**Exercise instructions:** What you return should be only the lines in the entries below between the one holding "2023年6月25日,在位于" and the one holding "DE GAUCHE À", ends included, with every picture left out.

**Provided records:**
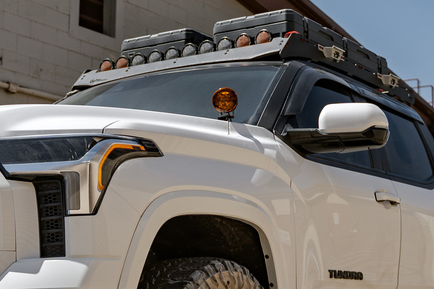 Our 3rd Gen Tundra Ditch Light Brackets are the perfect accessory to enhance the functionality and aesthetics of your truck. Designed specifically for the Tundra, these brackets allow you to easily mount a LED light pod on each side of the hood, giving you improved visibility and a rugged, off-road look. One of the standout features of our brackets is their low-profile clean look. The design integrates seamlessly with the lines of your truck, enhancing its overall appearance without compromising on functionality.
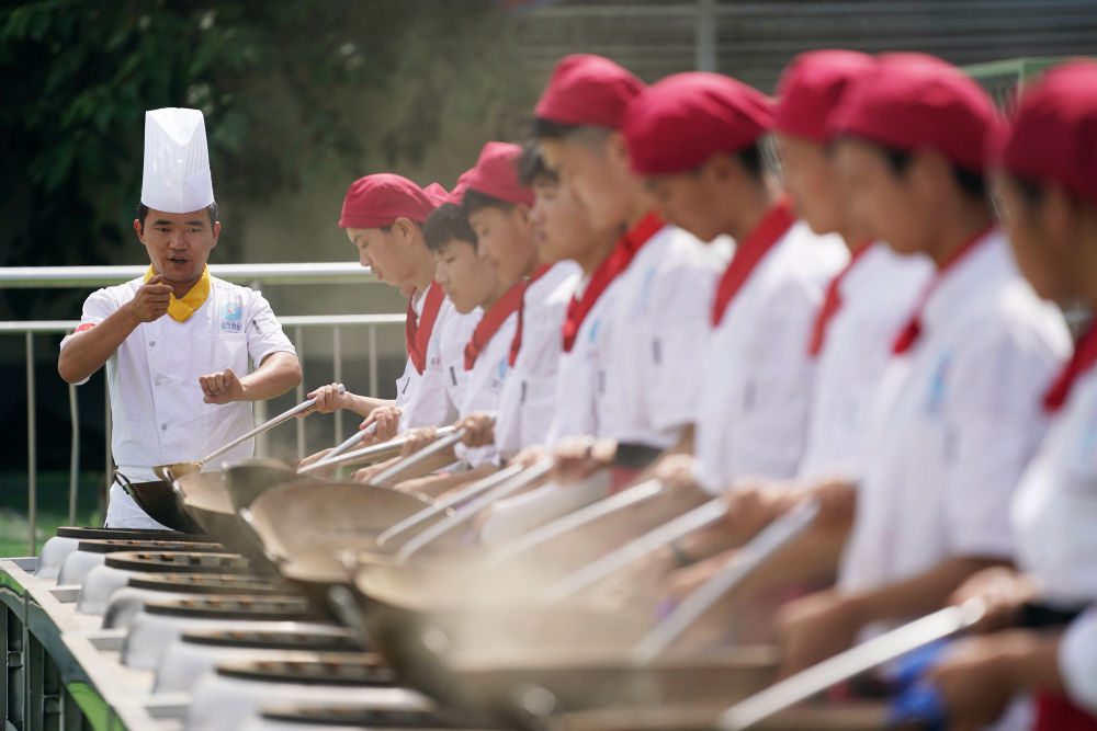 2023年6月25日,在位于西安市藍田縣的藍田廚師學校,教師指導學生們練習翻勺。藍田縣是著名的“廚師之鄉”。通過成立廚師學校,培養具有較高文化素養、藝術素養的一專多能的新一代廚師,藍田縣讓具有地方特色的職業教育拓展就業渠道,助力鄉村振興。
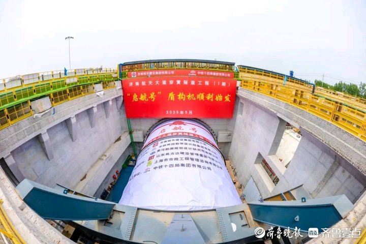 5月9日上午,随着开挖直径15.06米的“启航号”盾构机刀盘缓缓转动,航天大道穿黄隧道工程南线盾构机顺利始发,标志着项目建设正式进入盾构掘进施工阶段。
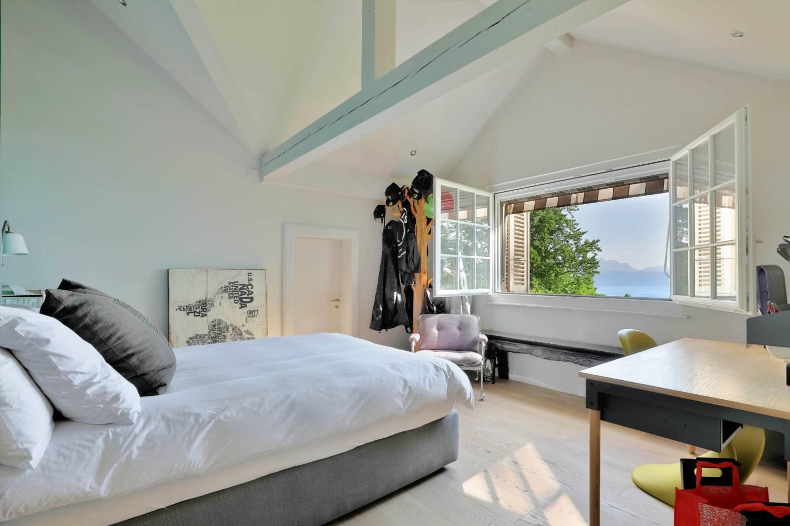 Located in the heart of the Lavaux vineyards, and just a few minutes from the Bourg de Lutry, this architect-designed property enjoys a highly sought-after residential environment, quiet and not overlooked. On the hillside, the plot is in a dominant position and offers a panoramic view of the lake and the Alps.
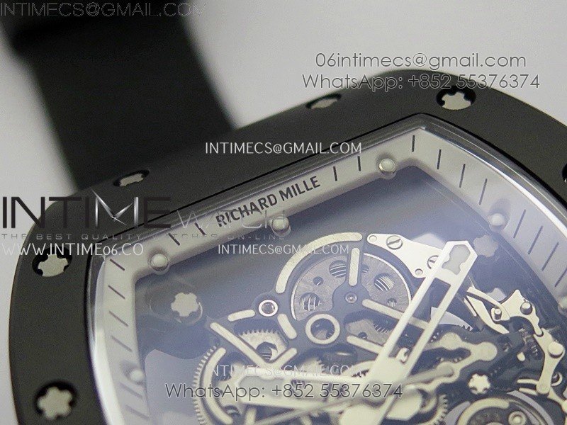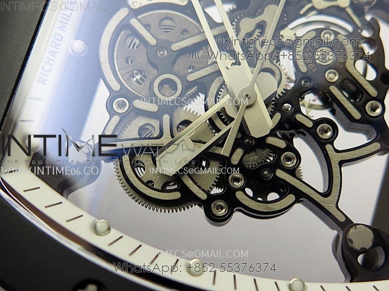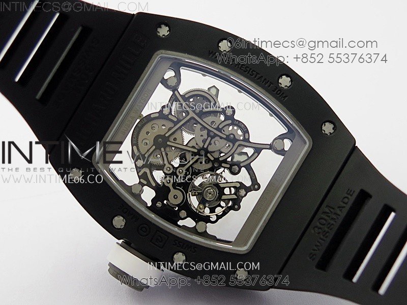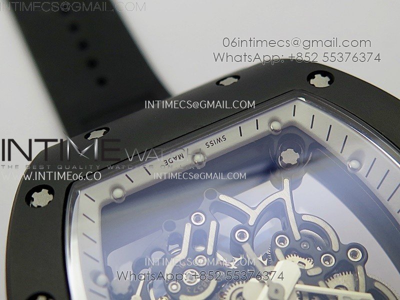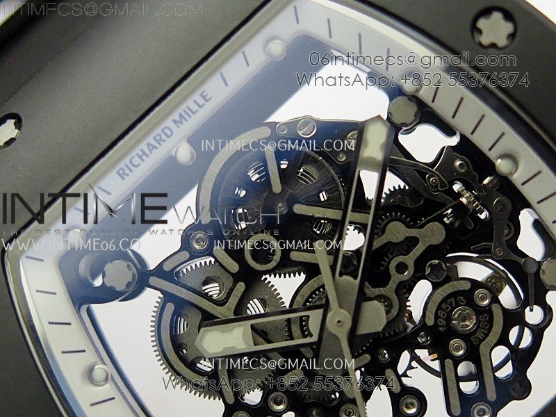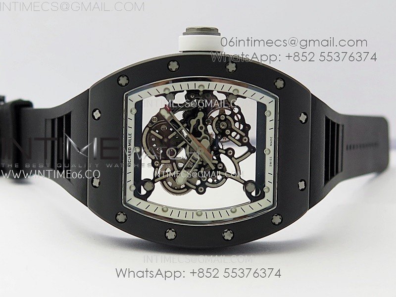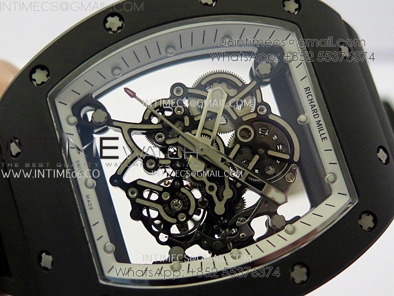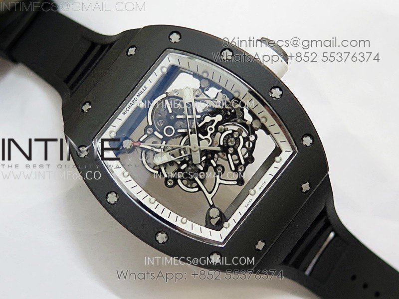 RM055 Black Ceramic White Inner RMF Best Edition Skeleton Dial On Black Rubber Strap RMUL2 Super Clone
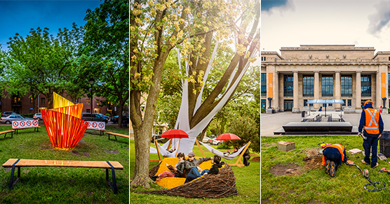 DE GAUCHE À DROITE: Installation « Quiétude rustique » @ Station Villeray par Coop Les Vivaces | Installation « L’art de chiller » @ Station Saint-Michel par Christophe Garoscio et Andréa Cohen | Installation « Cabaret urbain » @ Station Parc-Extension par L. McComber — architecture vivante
--
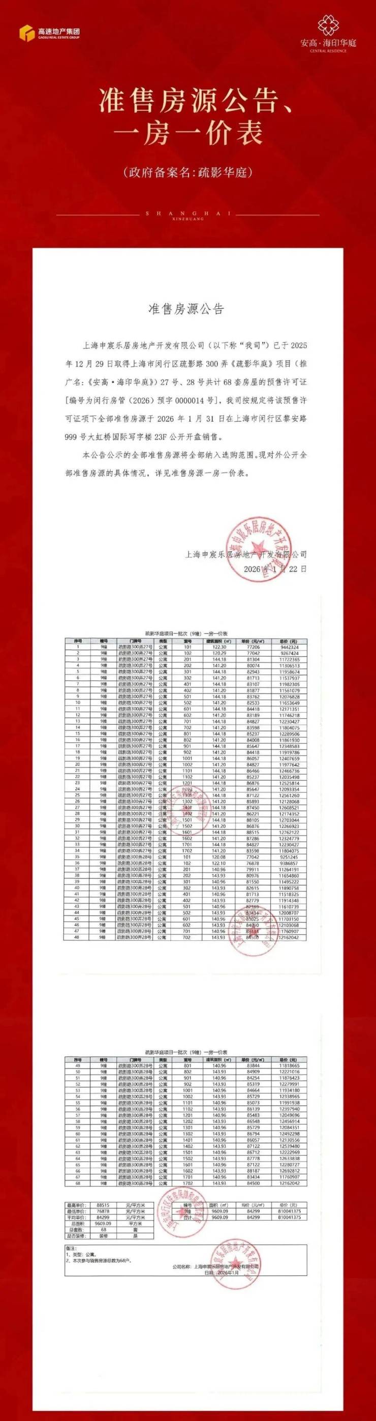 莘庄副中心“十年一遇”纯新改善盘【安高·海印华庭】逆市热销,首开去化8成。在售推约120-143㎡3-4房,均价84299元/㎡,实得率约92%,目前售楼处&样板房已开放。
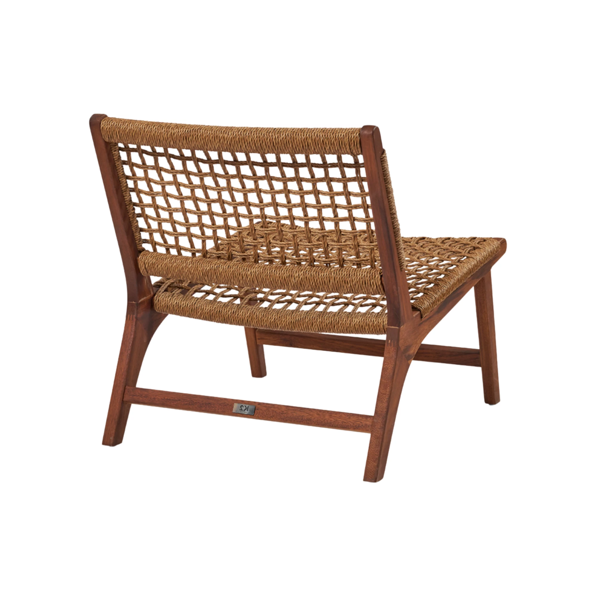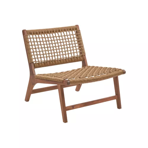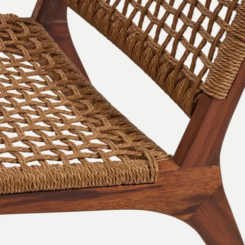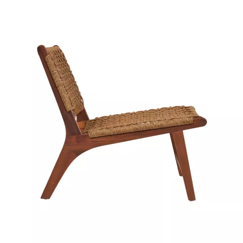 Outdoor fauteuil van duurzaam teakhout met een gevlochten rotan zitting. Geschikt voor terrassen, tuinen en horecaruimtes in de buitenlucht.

**Task output:**
 2023年6月25日,在位于西安市藍田縣的藍田廚師學校,教師指導學生們練習翻勺。藍田縣是著名的“廚師之鄉”。通過成立廚師學校,培養具有較高文化素養、藝術素養的一專多能的新一代廚師,藍田縣讓具有地方特色的職業教育拓展就業渠道,助力鄉村振興。
 5月9日上午,随着开挖直径15.06米的“启航号”盾构机刀盘缓缓转动,航天大道穿黄隧道工程南线盾构机顺利始发,标志着项目建设正式进入盾构掘进施工阶段。
 Located in the heart of the Lavaux vineyards, and just a few minutes from the Bourg de Lutry, this architect-designed property enjoys a highly sought-after residential environment, quiet and not overlooked. On the hillside, the plot is in a dominant position and offers a panoramic view of the lake and the Alps.
 RM055 Black Ceramic White Inner RMF Best Edition Skeleton Dial On Black Rubber Strap RMUL2 Super Clone
 DE GAUCHE À DROITE: Installation « Quiétude rustique » @ Station Villeray par Coop Les Vivaces | Installation « L’art de chiller » @ Station Saint-Michel par Christophe Garoscio et Andréa Cohen | Installation « Cabaret urbain » @ Station Parc-Extension par L. McComber — architecture vivante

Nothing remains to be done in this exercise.